(Source material)
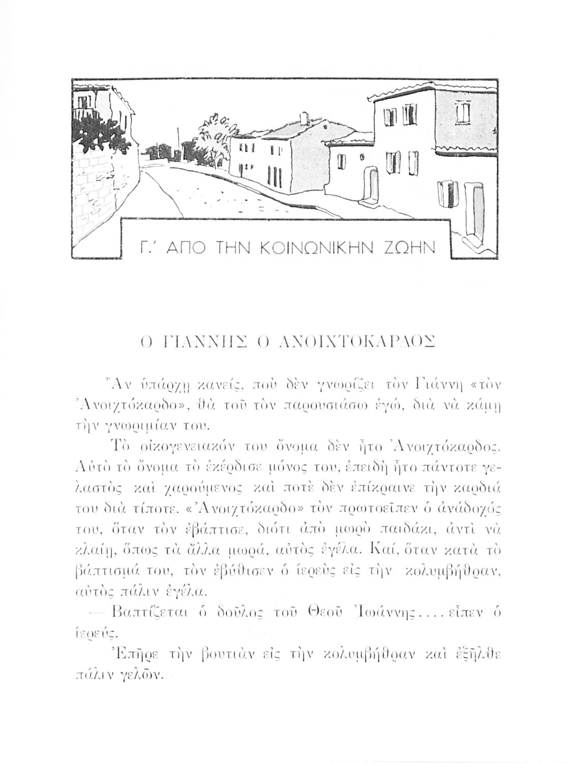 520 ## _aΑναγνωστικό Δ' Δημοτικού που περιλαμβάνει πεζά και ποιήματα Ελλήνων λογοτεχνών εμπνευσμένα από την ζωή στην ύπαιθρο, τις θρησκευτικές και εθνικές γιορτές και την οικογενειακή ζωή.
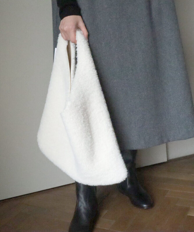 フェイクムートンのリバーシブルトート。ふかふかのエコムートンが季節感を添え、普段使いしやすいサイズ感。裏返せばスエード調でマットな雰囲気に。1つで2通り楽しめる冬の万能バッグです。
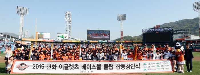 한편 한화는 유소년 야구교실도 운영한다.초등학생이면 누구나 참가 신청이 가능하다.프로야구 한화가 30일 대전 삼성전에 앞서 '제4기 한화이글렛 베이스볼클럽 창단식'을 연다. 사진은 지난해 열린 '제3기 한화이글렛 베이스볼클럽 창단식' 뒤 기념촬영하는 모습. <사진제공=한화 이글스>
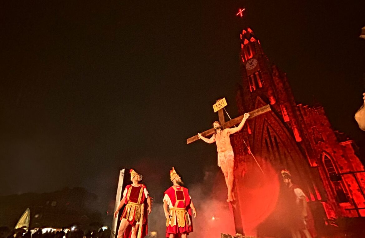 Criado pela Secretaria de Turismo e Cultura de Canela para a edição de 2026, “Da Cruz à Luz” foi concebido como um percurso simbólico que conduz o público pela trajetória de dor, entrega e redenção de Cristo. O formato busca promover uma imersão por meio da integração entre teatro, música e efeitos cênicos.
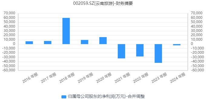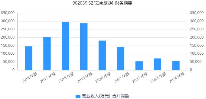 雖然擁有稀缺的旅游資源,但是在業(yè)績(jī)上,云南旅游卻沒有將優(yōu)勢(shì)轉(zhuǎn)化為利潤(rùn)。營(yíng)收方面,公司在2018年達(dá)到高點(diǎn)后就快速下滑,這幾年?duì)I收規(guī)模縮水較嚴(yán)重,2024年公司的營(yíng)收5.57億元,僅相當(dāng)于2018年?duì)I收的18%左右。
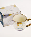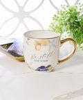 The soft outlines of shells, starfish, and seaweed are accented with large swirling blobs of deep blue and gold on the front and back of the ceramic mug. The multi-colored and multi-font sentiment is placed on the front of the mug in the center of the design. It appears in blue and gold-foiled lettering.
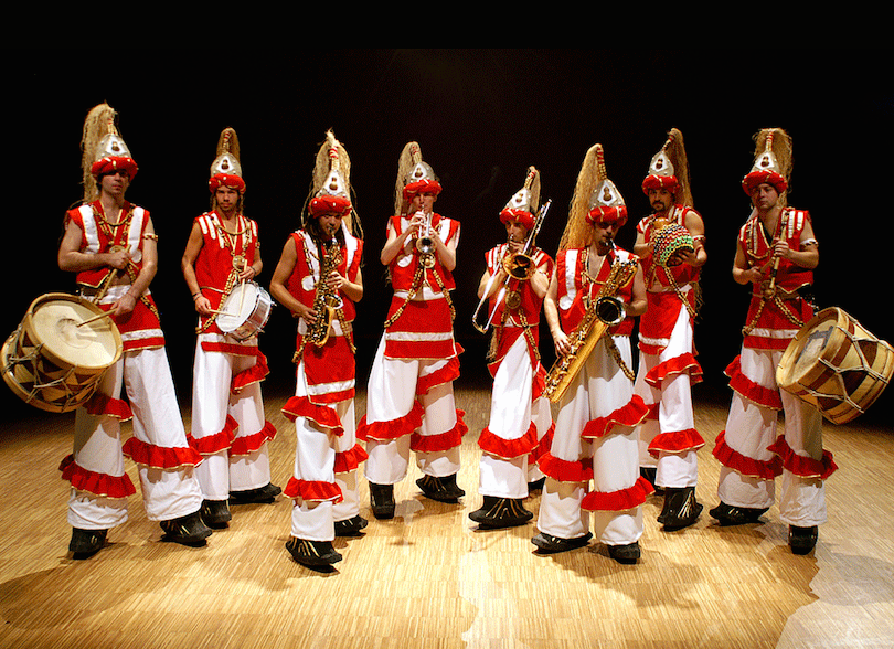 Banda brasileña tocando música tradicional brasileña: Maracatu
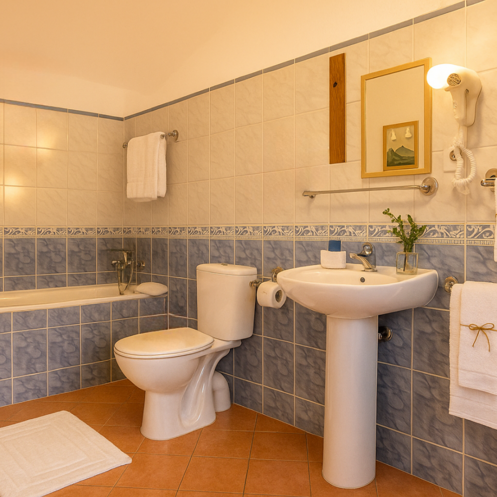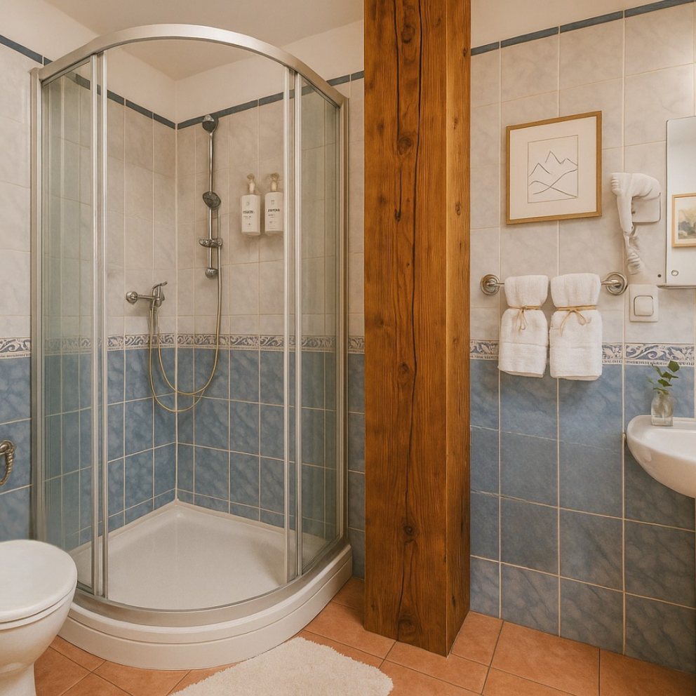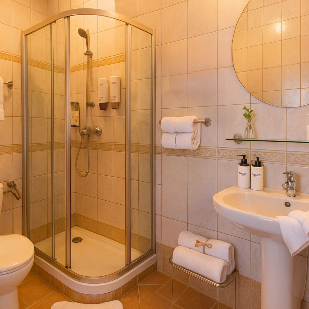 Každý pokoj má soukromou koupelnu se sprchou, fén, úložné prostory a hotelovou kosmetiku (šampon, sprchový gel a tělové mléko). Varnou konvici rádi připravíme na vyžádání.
(End Source material)
Work to be completed: Reproduce exactly, without any picture, the lines from the one bearing "Banda brasileña tocando" to the last line of the records above.

Task result:
 Banda brasileña tocando música tradicional brasileña: Maracatu
 Každý pokoj má soukromou koupelnu se sprchou, fén, úložné prostory a hotelovou kosmetiku (šampon, sprchový gel a tělové mléko). Varnou konvici rádi připravíme na vyžádání.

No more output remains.